Lines outside the range are not wanted. Give again exactly the lines between the line holding "7541- أَخبَرنا مُحَمدُ" and the line holding "A close-up captures", inclusive, from the listing below.

§ Available data
[Start of Attachment]
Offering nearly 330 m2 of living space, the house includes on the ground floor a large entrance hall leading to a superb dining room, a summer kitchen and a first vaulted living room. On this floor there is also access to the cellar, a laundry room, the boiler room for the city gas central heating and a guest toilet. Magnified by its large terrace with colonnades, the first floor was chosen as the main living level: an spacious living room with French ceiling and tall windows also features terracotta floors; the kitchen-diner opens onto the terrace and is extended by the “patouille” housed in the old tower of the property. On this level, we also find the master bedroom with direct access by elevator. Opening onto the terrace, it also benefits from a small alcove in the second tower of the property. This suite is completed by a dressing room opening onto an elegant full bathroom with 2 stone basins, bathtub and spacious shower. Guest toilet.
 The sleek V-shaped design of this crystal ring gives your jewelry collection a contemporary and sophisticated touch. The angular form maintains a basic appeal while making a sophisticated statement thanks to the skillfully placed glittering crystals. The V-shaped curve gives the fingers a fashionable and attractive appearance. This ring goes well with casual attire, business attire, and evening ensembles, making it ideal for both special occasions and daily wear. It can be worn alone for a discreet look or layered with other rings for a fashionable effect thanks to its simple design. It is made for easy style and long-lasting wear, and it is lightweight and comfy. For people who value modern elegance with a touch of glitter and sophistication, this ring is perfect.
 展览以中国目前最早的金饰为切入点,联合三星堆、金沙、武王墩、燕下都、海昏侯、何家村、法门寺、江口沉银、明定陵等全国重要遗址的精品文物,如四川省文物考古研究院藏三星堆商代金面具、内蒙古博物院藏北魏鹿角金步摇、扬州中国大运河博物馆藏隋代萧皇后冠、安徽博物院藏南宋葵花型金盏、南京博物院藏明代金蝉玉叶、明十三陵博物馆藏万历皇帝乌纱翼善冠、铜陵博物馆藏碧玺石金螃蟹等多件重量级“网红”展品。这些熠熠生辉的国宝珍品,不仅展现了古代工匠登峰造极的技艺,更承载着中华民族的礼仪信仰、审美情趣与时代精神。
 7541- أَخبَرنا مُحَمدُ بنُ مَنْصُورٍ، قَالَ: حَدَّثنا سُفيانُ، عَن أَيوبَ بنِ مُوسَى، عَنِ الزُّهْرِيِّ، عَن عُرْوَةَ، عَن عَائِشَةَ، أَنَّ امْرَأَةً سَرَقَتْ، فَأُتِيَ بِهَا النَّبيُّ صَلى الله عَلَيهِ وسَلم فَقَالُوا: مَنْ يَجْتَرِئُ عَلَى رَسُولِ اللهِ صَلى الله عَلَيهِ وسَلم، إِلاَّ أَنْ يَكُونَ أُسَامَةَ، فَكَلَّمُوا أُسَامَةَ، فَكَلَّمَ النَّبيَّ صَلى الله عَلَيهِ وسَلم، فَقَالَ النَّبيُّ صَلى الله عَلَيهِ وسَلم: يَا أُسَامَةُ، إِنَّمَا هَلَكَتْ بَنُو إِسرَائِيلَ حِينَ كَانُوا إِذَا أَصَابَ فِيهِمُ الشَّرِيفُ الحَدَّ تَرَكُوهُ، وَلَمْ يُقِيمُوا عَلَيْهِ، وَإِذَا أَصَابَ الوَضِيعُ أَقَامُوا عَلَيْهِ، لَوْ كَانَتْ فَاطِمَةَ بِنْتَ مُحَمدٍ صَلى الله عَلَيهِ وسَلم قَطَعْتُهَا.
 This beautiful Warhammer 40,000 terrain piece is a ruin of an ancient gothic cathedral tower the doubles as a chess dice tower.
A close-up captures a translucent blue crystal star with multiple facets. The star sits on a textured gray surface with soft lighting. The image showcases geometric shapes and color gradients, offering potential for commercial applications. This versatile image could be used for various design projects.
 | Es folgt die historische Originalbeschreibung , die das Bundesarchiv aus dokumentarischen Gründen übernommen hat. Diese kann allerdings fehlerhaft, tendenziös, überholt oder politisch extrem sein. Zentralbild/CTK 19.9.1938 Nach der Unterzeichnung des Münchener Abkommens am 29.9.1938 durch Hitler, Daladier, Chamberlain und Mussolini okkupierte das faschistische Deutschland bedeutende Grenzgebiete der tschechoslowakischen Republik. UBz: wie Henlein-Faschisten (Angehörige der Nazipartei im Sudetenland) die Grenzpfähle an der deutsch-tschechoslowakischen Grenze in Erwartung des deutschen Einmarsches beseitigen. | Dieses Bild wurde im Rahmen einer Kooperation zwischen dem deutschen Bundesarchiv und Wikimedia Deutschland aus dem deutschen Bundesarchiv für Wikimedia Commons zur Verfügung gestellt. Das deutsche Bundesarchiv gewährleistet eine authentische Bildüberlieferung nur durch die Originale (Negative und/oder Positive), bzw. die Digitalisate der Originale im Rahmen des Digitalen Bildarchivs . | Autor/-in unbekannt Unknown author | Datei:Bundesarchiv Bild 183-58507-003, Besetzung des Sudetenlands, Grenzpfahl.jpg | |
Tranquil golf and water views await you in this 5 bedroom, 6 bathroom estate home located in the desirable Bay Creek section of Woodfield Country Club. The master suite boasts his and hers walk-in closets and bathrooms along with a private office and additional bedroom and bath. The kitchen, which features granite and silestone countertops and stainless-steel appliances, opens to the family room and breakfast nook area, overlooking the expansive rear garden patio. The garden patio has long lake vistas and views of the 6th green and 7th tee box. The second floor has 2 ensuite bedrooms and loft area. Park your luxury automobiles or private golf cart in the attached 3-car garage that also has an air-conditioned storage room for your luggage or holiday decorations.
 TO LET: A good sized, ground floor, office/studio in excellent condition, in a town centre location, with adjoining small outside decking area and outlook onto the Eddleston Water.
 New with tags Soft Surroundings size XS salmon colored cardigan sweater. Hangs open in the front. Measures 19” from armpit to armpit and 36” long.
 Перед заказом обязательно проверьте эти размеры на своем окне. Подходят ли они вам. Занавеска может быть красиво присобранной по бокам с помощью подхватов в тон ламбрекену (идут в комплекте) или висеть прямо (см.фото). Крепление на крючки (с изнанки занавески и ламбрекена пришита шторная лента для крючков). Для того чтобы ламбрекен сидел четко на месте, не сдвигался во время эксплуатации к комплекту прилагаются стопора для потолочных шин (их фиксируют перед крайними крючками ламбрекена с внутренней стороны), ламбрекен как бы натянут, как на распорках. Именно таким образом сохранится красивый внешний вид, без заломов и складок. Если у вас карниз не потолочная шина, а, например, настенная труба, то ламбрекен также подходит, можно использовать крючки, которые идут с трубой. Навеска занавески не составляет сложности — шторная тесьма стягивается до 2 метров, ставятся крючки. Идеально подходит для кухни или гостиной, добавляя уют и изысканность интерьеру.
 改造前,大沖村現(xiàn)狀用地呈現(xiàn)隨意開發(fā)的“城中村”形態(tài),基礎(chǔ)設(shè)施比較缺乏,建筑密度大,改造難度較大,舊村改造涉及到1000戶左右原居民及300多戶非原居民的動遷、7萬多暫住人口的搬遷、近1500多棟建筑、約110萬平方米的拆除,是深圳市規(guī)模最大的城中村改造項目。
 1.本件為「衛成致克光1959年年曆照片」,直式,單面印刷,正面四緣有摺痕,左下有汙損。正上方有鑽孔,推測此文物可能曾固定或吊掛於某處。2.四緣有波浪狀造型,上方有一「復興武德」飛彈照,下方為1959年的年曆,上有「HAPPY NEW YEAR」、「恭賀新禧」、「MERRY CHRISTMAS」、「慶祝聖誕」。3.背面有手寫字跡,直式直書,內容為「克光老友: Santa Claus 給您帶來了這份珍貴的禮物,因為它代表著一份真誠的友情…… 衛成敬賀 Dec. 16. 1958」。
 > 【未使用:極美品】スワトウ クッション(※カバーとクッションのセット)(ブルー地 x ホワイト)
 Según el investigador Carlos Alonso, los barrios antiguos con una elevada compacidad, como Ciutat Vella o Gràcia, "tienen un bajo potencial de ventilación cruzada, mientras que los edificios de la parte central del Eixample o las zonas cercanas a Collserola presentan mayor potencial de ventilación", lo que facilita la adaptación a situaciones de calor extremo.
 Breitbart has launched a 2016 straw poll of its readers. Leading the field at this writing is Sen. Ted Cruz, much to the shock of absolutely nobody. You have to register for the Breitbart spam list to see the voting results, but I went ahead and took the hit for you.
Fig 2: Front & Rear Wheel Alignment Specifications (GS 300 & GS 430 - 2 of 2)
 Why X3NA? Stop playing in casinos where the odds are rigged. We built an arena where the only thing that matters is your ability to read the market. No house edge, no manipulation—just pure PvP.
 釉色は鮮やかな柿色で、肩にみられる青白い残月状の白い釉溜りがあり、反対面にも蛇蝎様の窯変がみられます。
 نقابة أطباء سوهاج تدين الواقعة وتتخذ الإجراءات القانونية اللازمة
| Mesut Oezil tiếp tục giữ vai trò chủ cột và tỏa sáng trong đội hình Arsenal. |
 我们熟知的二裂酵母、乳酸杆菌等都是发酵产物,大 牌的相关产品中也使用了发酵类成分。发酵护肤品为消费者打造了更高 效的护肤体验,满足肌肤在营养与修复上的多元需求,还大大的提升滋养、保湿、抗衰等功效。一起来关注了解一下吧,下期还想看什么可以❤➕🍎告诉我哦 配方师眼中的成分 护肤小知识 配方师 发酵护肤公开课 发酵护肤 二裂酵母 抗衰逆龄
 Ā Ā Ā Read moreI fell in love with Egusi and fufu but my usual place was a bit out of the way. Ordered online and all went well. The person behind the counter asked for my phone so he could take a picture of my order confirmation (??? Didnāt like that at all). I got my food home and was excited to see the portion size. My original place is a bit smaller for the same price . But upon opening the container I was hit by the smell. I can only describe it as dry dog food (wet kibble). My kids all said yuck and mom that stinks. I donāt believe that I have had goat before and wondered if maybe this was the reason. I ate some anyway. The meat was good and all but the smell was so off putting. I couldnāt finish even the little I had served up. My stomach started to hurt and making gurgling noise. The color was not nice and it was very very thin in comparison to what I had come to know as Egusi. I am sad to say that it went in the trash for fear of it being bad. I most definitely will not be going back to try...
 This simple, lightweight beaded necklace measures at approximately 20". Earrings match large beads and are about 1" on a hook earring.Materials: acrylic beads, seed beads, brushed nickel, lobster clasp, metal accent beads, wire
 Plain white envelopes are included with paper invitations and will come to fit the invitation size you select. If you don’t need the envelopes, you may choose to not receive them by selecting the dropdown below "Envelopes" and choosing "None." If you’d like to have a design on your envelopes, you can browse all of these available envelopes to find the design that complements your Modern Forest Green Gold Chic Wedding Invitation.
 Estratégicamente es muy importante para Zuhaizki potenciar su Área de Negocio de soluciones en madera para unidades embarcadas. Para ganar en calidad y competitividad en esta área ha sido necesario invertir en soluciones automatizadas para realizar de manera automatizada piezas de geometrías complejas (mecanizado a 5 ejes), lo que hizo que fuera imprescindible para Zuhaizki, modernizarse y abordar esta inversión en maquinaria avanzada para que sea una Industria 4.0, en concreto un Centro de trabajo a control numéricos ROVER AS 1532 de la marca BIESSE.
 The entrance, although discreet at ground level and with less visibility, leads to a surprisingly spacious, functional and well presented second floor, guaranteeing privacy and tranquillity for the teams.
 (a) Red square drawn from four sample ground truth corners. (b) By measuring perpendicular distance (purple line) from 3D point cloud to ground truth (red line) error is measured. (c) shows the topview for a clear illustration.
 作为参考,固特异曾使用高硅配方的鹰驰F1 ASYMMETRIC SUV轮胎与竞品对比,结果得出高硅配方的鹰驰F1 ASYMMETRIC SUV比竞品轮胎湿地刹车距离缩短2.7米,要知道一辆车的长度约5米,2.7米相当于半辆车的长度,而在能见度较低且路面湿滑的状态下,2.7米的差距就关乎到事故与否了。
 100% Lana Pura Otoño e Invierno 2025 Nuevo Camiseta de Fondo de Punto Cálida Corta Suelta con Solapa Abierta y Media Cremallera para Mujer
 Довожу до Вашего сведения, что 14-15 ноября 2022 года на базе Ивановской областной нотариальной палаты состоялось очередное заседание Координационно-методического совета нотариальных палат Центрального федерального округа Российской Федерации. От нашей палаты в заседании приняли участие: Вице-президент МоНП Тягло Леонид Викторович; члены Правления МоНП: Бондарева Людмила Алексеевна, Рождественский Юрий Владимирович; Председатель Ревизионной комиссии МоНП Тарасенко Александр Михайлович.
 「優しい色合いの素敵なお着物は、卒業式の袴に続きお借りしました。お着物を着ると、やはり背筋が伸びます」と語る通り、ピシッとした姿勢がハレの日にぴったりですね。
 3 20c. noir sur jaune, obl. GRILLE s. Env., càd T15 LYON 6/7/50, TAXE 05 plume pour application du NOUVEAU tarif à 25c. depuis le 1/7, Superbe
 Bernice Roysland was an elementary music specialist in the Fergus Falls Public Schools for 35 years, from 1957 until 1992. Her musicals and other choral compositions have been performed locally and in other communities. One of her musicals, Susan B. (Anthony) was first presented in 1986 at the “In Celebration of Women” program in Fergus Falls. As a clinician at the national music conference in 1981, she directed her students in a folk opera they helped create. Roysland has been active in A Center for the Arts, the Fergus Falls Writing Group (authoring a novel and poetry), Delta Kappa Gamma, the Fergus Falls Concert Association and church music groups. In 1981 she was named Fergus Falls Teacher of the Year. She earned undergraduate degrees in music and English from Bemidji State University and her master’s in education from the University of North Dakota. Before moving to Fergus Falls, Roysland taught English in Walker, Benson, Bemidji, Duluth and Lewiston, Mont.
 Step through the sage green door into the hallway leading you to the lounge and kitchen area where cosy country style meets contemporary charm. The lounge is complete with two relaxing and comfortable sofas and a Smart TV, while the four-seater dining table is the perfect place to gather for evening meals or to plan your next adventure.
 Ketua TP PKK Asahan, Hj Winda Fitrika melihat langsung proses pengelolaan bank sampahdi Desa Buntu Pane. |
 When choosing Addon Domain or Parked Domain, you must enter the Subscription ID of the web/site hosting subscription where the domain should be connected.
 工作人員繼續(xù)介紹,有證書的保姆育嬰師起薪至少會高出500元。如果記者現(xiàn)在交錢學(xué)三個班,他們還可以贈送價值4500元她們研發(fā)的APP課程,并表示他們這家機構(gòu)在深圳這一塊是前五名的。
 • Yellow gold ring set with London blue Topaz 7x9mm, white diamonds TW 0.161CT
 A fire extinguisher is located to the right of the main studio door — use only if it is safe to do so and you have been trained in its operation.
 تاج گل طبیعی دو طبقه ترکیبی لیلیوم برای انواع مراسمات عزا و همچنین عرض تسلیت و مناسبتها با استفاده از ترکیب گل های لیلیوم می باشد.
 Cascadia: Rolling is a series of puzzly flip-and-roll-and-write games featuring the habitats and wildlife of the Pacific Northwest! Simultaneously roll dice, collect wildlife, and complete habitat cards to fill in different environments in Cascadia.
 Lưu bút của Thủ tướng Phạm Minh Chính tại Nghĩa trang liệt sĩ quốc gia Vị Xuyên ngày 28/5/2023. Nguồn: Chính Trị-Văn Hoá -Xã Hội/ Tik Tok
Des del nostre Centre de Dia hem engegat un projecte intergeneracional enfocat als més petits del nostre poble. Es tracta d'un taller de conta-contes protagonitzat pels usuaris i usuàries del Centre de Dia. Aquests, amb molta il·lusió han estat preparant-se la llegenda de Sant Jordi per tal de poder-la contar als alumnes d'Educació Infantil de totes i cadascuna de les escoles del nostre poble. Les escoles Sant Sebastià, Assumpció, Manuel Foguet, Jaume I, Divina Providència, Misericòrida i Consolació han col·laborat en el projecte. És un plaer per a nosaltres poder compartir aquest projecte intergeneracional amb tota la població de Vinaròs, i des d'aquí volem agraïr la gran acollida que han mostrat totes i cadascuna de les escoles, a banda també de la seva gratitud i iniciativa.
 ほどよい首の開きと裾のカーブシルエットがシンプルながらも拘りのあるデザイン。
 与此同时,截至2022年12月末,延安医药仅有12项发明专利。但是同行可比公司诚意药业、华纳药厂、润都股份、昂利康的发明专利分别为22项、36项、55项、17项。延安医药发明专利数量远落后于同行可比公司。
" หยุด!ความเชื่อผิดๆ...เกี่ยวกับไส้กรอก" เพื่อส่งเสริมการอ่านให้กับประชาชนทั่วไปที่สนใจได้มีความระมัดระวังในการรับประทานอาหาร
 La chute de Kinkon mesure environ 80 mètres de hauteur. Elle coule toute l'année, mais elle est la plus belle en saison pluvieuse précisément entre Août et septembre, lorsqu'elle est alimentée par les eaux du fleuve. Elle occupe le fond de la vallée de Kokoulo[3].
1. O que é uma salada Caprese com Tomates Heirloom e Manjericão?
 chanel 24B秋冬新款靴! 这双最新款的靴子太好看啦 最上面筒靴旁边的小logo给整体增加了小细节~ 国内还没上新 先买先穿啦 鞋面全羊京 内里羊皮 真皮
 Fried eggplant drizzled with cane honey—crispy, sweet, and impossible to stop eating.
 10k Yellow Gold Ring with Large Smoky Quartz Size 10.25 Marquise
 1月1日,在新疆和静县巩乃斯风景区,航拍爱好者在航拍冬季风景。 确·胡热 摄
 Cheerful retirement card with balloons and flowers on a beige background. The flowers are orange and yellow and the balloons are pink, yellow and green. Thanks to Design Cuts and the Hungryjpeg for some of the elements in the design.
[End of Attachment]
§ Exercise result
 7541- أَخبَرنا مُحَمدُ بنُ مَنْصُورٍ، قَالَ: حَدَّثنا سُفيانُ، عَن أَيوبَ بنِ مُوسَى، عَنِ الزُّهْرِيِّ، عَن عُرْوَةَ، عَن عَائِشَةَ، أَنَّ امْرَأَةً سَرَقَتْ، فَأُتِيَ بِهَا النَّبيُّ صَلى الله عَلَيهِ وسَلم فَقَالُوا: مَنْ يَجْتَرِئُ عَلَى رَسُولِ اللهِ صَلى الله عَلَيهِ وسَلم، إِلاَّ أَنْ يَكُونَ أُسَامَةَ، فَكَلَّمُوا أُسَامَةَ، فَكَلَّمَ النَّبيَّ صَلى الله عَلَيهِ وسَلم، فَقَالَ النَّبيُّ صَلى الله عَلَيهِ وسَلم: يَا أُسَامَةُ، إِنَّمَا هَلَكَتْ بَنُو إِسرَائِيلَ حِينَ كَانُوا إِذَا أَصَابَ فِيهِمُ الشَّرِيفُ الحَدَّ تَرَكُوهُ، وَلَمْ يُقِيمُوا عَلَيْهِ، وَإِذَا أَصَابَ الوَضِيعُ أَقَامُوا عَلَيْهِ، لَوْ كَانَتْ فَاطِمَةَ بِنْتَ مُحَمدٍ صَلى الله عَلَيهِ وسَلم قَطَعْتُهَا.
 This beautiful Warhammer 40,000 terrain piece is a ruin of an ancient gothic cathedral tower the doubles as a chess dice tower.
A close-up captures a translucent blue crystal star with multiple facets. The star sits on a textured gray surface with soft lighting. The image showcases geometric shapes and color gradients, offering potential for commercial applications. This versatile image could be used for various design projects.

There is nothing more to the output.